25 min read Revision 1
laws-newreportcodexauditquestion-catalogdependency-mapoperational-riskhold2026-06-15
Codex Audit — Question Catalog + Dependency Map + Operational Risk Gates
Date: 2026-06-15
Scope: Read-only audit of knowledge/dev/laws-new/cau-hoi-khi-tai-cau-truc.md and related drafts.
Status: HOLD
Mutation boundary: No production/DB mutation; no checker/pilot/registry/table/collection/DOT/index/worker creation; no edit to knowledge/dev/laws/ or knowledge/dev/laws-new/.
Progress
- Step 0: Read
.claude/skills/incomex-rules.md. - Step 1: Read task and mandatory KB laws in main process.
- Step 2: Read Question Catalog and related laws-new drafts from Agent Data KB.
- Step 3: Compare against current checkout evidence and identify dependency/gate risks.
- Step 4: Complete coverage, reuse, modularity, implementation, operation, and gate audits.
- Step 5: Verify report evidence and finalize.
Mandatory Sources Read
.claude/skills/incomex-rules.md— 36 rules / 8 steps.knowledge/dev/ssot/operating-rules.md— v7.58, viasearch_knowledge("operating rules SSOT").knowledge/dev/laws/constitution.md— current KB result v4.6.3, viasearch_knowledge("hiến pháp v4.0 constitution").knowledge/dev/laws-new/cau-hoi-khi-tai-cau-truc.md— KB revision 59.knowledge/dev/laws-new/de-bai-cai-tien.md— KB revision 33.knowledge/dev/laws-new/required-stamps.v0.1.json— KB revision 6.knowledge/dev/laws-new/promote-checker-v0.1-spec.md— KB revision 11.knowledge/dev/laws-new/matrix-stamp-governance-addendum.md— KB revision 14.knowledge/dev/laws-new/matrix-refactor-quick-rules.md— KB revision 8.knowledge/dev/laws-new/matrix-refactor-implementation-plan.md— KB revision 5.knowledge/dev/laws-new/roadmap-cai-tien.md— KB revision 1.
Evidence Snapshot
- Current checkout does not contain the referenced
knowledge/dev/laws-new/*files. Attempts towc/rgthose paths returnedNo such file or directory; the drafts were read from Agent Data KB. - Current checkout contains substantial reusable substrate evidence:
meta_catalog,collection_registry,dot_tools,birth_registry,universal_edges,system_issues, counting/integrity scanners, Directus snapshot, and smoke tests. - The draft set contains internal inconsistencies that the survey must resolve before design:
- Quick Rules S3 says every stamp is an
inspect_*column onbirth_registry, while Addendum §2b and required-stamps split pre-promote stamps into staging metadata. - Quick Rules rule 17 includes DOT check inside IO Contract, while
de-bai-cai-tien.mddefines the minimal five-field IO boundary and explicitly keeps DOT/evidence outside when they cause bloat. - Drafts use a six-level assembly model while the mandatory skill/constitution baseline describes seven composition levels; the catalog recognizes this as a conflict but does not make document-authority resolution an explicit pre-survey gate.

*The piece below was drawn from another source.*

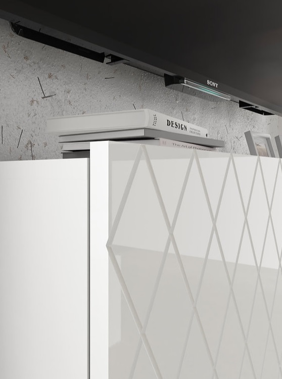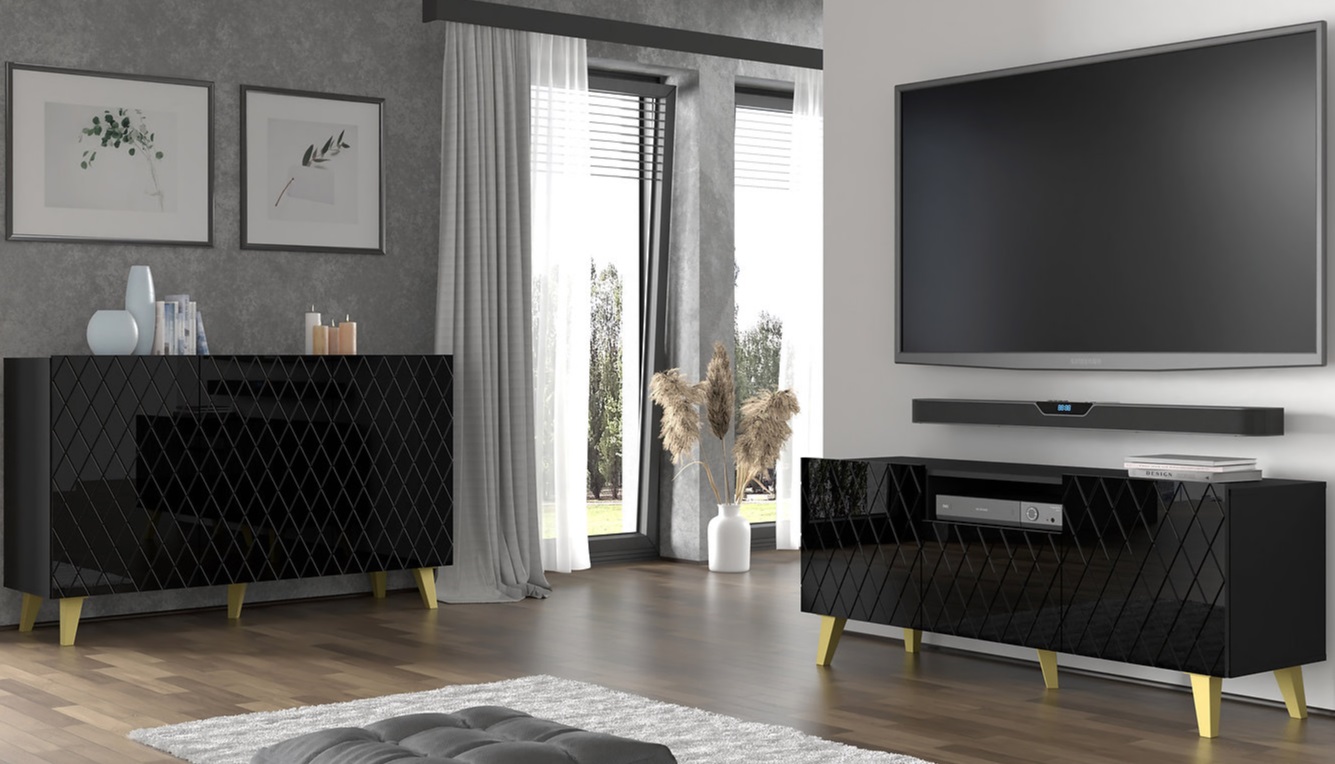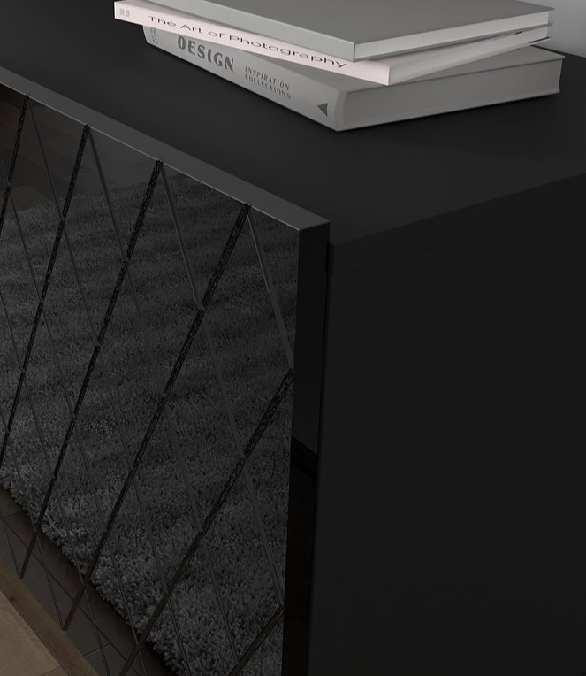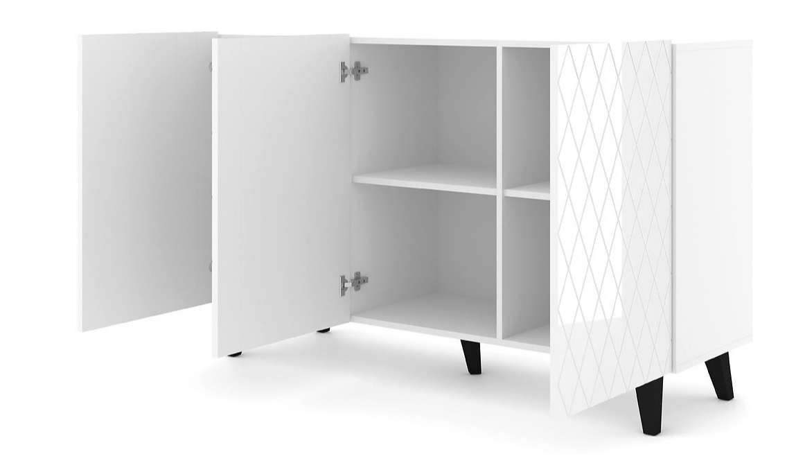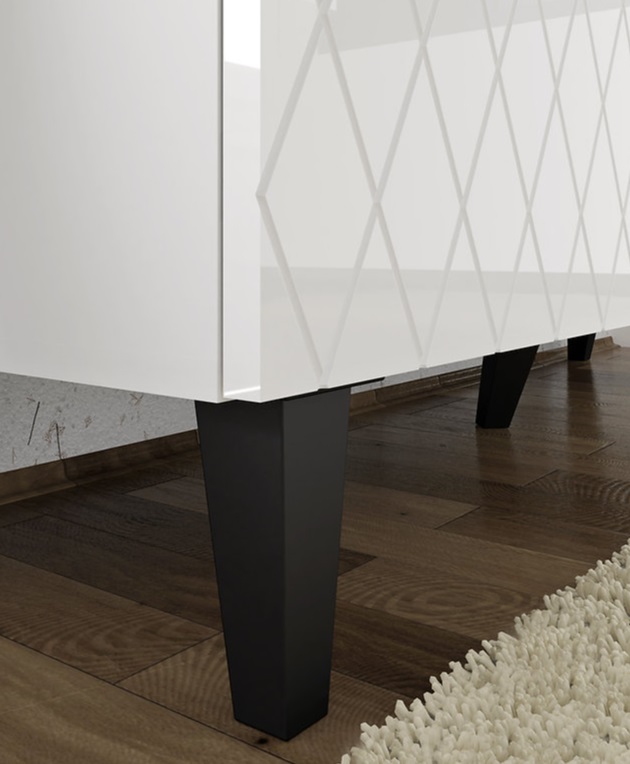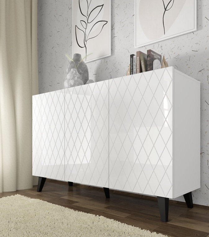Nadčasová komoda DIUNA 145 3D v čiernom a bielom farebnom prevedení v lesku predných častí. Moderný dizajn komody DIUNA sa odvíja od minimalistických línií a pôsobivých detailov. Komoda Diuna má bezúchytkový systém – čelá sa otvárajú systémom push to open. Na doplnenie štýlu má komoda nohy zlaté alebo čierne plastové. Dizajn predných častí komody DIUNA sa vyznačuje pôsobivými dekoráciami v podobe kosoštvorcov, ktoré oslovia milovníkov geometrickej presnosti.

- Quick Rules S3 says every stamp is an
Three Declarations
- Permanent: The audit recommends fixing decision/gate wording, source authority, and per-slice dependencies so future surveys cannot recreate a parallel architecture.
- Cannot be mistaken: New-creation and phase-transition decisions must be blocked by explicit evidence plus Owner decision records, not inferred from
ANSWEREDstatus alone. - 100% automatic: Not applicable to this read-only audit. For future operation, the catalog must require machine-detectable freshness, liveness, concurrency, and cleanup evidence before pilot.
STATUS: HOLD
EXECUTIVE SUMMARY
- The Question Catalog has strong coverage and the right stated philosophy: reuse-first, workspace-first, delete-fast, minimal IO boundary, checker verdict-only, atomic promote, scanner/report separated from auto-fix, and explicit operational risks.
- It is not ready for Owner approval yet because its current gate model can itself create the next monster: approximately 318 questions and about 47 blockers are treated too globally. L0 can block all later work rather than only blocking new design/creation for the selected pilot slice.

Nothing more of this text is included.